Apparently, in addition to claiming Jesus and Christianity as its own, socialist appeals were as prone to greed and envy in 1908 as they are today. 

But before we get to Churchill’s comic conclusion, we must recall that he was not at all opposed to government assistance for the unfortunate.  In fact, in the same speech, he explicitly stated his support for “trying to build up and fortify a minimum standard of life.” 

“[B]ut if that is to be done,” he said, “if you are to have great combinations and greater harmonies in society, you can only have it by becoming better men and women.”  In other words, efforts to improve society may on occasion involve the state, but they fundamentally begin with personal growth in virtue.

But the socialists inverted this—they believed real improvement could only begin with a government bureaucrat directing the economic and social concerns of society.  Churchill scorned such a notion.  “Any attempt to replace the existing organization of society by an official hierarchy,” he warned, “to replace the men who now manage mills by officials who are elected in some way, will end in failure.”

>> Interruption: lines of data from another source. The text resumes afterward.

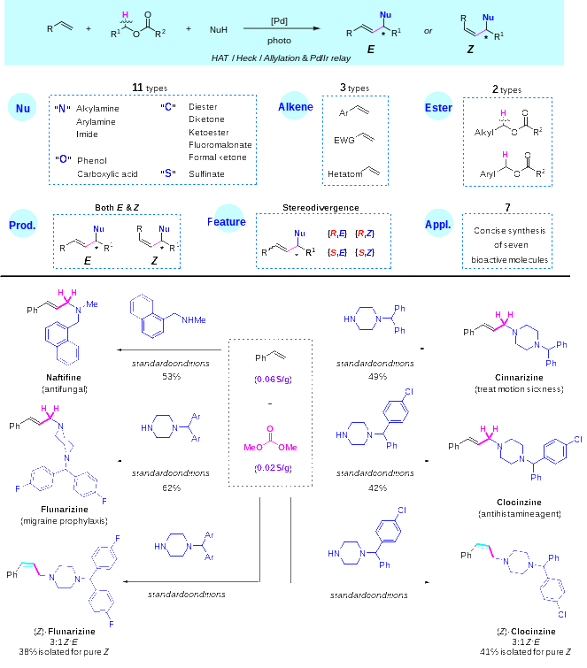 传统的烯丙基取代反应需预制含邻位杂原子离去基的烯丙基单元。近年来,从简单底物出发,实现烯丙基化合物的高效构建引起了广泛关注。近日,何智涛课题组在Angew. Chem. Int. Ed.上在线发表了题为 “Stereodivergent Assembling Tsuji–Trost Reaction via Photoinduced Pd and Pd/Ir Relay Catalysis”的研究论文。该工作报道了一种光致钯催化的原位组装烯丙基取代反应,可直接从廉价易得的烯烃、酯以及亲核试剂作为原料,一步组装合成烯丙基化合物。该过程具有极为广泛的底物普适性,可兼容碳、氮、氧、硫亲核试剂,还能实现不对称催化转化历程。通过调整手性控制条件以及Z/E选择性控制条件,可以实现目标烯丙基化合物的立体发散性合成,获得精准调控“中心手性+烯烃几何构型”的四种异构体(图1)。机理研究证明了该反应经历激发态钯启动的HAT/Heck/Tsuji-Trost串联过程。此外,该转化可以从基础的原料出发,方便地制备得到一系生物活性分子,展现出该合成策略的高应用潜力。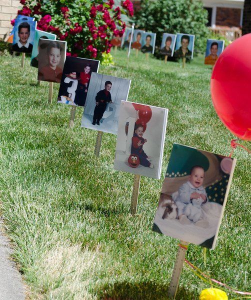 This idea is a classic for a reason! It not only lets guests know where the party is but also displays cute photos of the graduate growing up.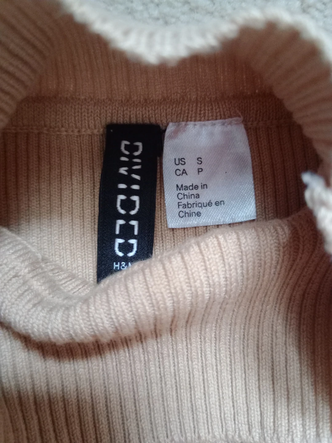 Selling a Divided by H&M beige turtle neck crop top in size small. This top is made with a blend of 40% viscose, 40% acrylic, and 20% polyamide. It features a ribbed texture throughout. A cozy addition to any wardrobe!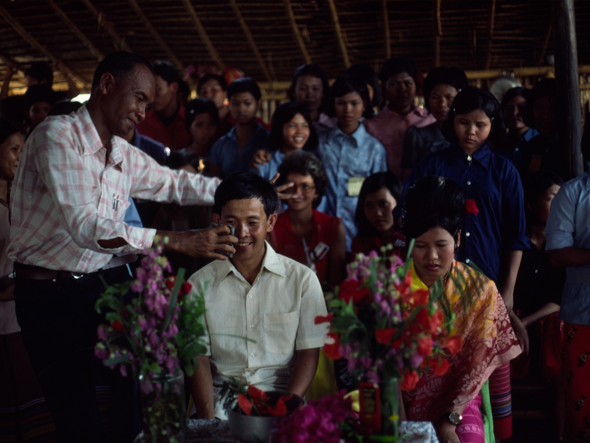 Puis le chef du village s’agenouille face à Tang et Maï et entoure le poignet du marié d’une courte ficelle qu’il noue consciencieusement. Ensuite, les autres invités, par ordre decrescendo d’importance, viennent en faire autant. Il y a bientôt des douzaines de fils autour du poignet, et aussi quelques cadeaux de mariage entassés devant les écuelles emplies de nourriture, destinée à rassasier les esprits des ancêtres. Pour les mariés, les cadeaux sont plutôt maigres, quelques paquets de cigarettes, quelques mètres de tissu acheté chez le marchand thaï qui, en pleine jungle, est venu installer un petit stand juste à la limite des barbelés. Un attirail de couture, trois fleurs, un marteau. Voilà la dot de Tang et Maï. Ils ont vingt-six et dix-neuf ans. Maï aura sans doute bientôt un premier enfant. En tous cas le rite fait tout pour ça puisque, pendant que les musiciens mettent du coeur à l’ouvrage, les mariés sont poussés dans un petit réduit sombre, où s’infiltre seulement la lumière passant entre les bambous disjoints. Sur la natte, les cris de l’assistance les encouragent vivement à consommer leur hymen. Des gamins, reluquant par les interstices, s’assurent de la bonne volonté des époux.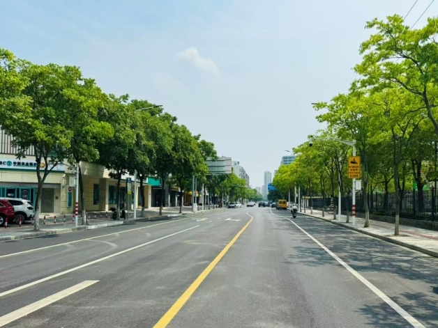 华科东路作为景观道路,不仅需要满足日常通行功能,更需与周边环境相融合。工程选用4cmSBS-13+8cmAC-25(掺0.35%抗车辙剂)沥青混凝土结构,该材料不仅耐久性强,能长期保持路面结构稳定耐久,其细腻的纹理和均匀的色泽视觉上更显整洁美观,实现实用与美观双重提升。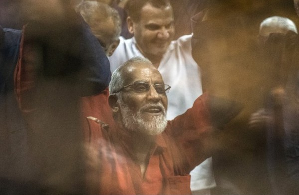وقبل بدء الجلسة التي سمح للتلفزيون المصري منفردا بنقلها من قاعة المحكمة، قالت المذيعة: وقائع الجلسة لم تبدأ بعد، لكن كانت فيه منذ قليل وجوه الجماعة الإرهابية ترفع إشارات رابعة مع إصرار.. في الحقيقة.. مع أنهم يواجهون أخطر قضية تواجه البلد".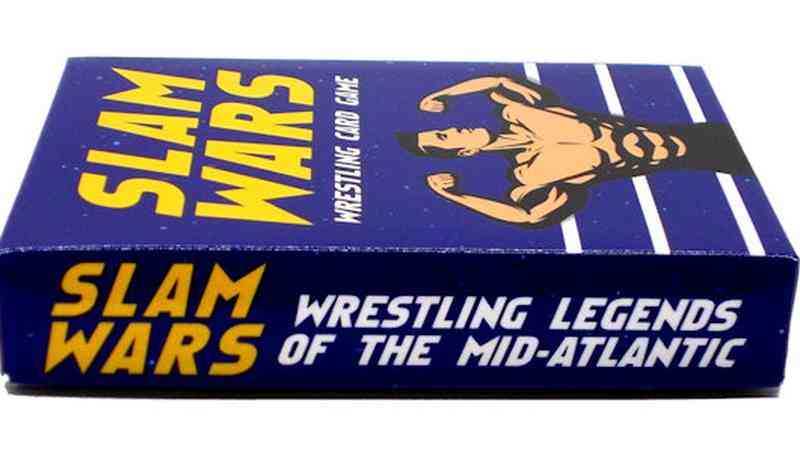 Slam Wars: Wrestling Legends of the Mid-Atlantic comes in a 2-piece full-color dual deck poker box and includes a 20-page full-color instruction guide. There are a total of 90 playing cards: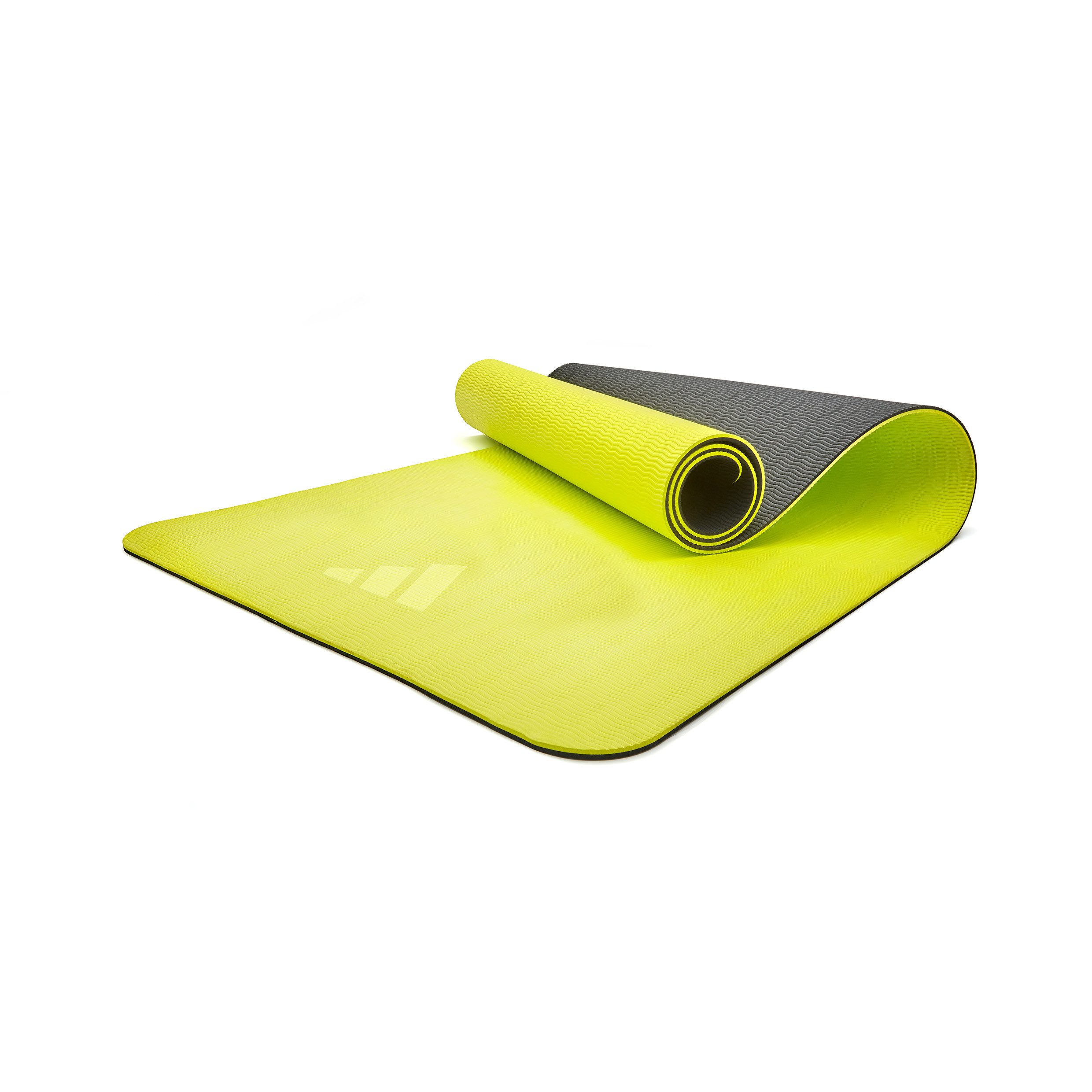 Die doppelseitige Matte ist mit einem stilvollen und funktionellen Tragegurt ausgestattet und lässt sich nach dem Training schnell und einfach verstauen. Die 176 (L) x 61 (B) cm große Matte ist ideal für die Verwendung barfuß oder mit Yogasocken und für alle Benutzer geeignet. Abgerundet wird sie durch ein stilvolles, lasergraviertes Adidas-Sportlogo.

Even while saying this, Churchill asserted his belief that working men and women were entitled to higher wages, food assistance for the poor, etc.  He even acknowledged that too much property was owned by too few proprietors.

But at the end of the day, that still did not justify, nor could it ever justify, the fundamental tenet of socialism, namely that the state should be the owner, and in many cases even the manager, of the means of production—of all enterprises and property.  That was an entirely different proposition.

Churchill thus arrived at his comedic conclusion about the supposed relationship between Christianity and socialism—a quick and witty summary which the modern opponents of socialism would be wise to employ in their own rhetoric:

But there is one great difference between Socialists of the Christian era and those of [today]. The Socialism of the Christian era was based on the idea that ‘all mine is yours,’ but the Socialism of [today] is based on the idea that ‘all yours is mine.’ And I go so far as to say that no movement will ever achieve any real advantage for the mass of the people that is based upon so much spite and jealousy as is the present Socialist movement in the hands of its extreme men.[1]

SOURCES

[1]Winston Churchill, Socialism (January 22, 1908); Winston S. Churchill, Robert Rhodes James, ed., Winston S. Churchill: His Complete Speeches, 1897-1963: Volume I, 1897-1908 (New York: Chelsea House Publishers, 1974), 874-75.